In 2013 Scofield analyzed 21 LEED-certified buildings in New York City. He found that LEED-Gold buildings used 20% less source energy while Silver and Certified buildings used 11 to 15% more source energy, on average, than did their conventional counterparts.
In 2014, architect Gwen Fuertes and engineer Stefano Schiavon developed the first study that analyzes plug loads using LEED-documented data from certified projects. The study compared plug load assumptions made by 92 energy modeling practitioners against ASHRAE and Title 24 requirements, and the evaluation of the plug load calculation methodology used by 660 LEED-CI and 429 LEED-NC certified projects. They found that energy modelers only considered the energy consumption of predictable plug loads, such as refrigerators, computers and monitors. Overall the results suggested a disconnection between assumptions in the models and the actual performance of buildings.
Energy modeling might be a source of error during the LEED design phase. Engineers Christopher Stoppel and Fernanda Leite evaluated the predicted and actual energy consumption of two twin buildings using the energy model during the LEED design phase and the utility meter data after one year of occupancy. The study's results suggest that mechanical systems turnover and occupancy assumptions significantly differ from predicted to actual values.

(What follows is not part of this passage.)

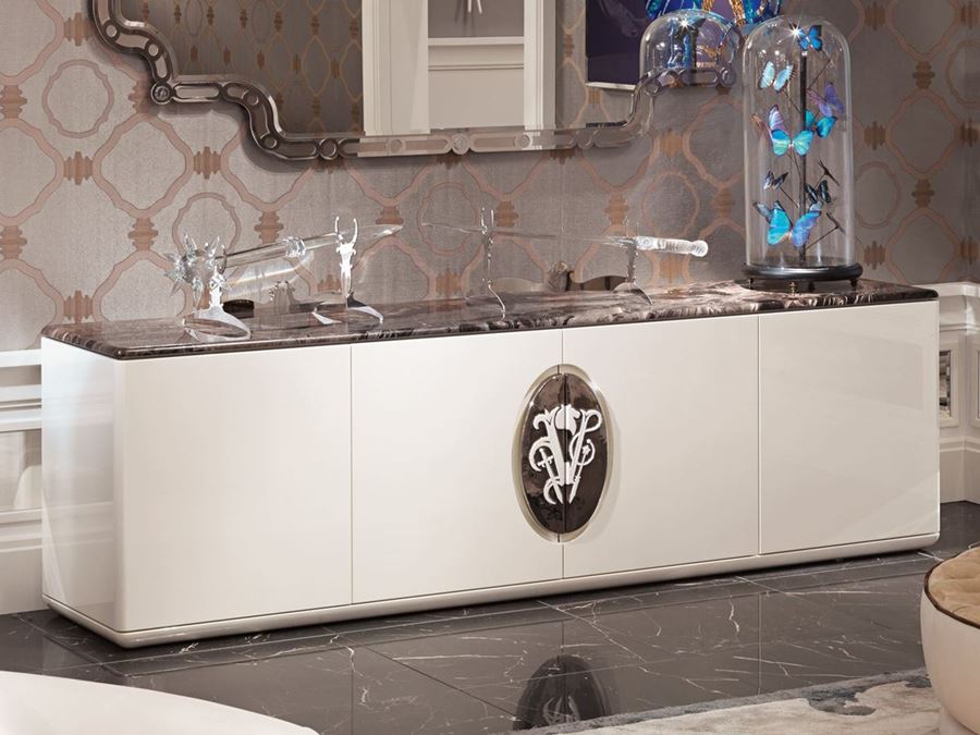 MD üzeri 4 kapılı, üstü mermerden, pantografla bükülmüş kenarları olan kaide ile yüksek kabin. 5 raf ile donatılmıştır. Parlak fırçalanmış polyester vernikte dış kaplama. Mat cilalamada iç kaplama. El yapımı ve kabartmalı Visionnaire logolu ahşap, sanatsal seramik karo ile işleyin.

Most of the current[when?] analysis of LEED buildings focuses on LEED v3 (2009) or earlier versions rather than LEED v4 (2014) certification. According to Newsham et al., these analyses should be considered as preliminary and should be repeated with longer data history and larger building samples, including new LEED v4 certified buildings. Newsham et al. also noted that further work needs to be done to define green-building rating schemes to ensure more consistent and substantial long-term reduction of energy consumption at the individual building level.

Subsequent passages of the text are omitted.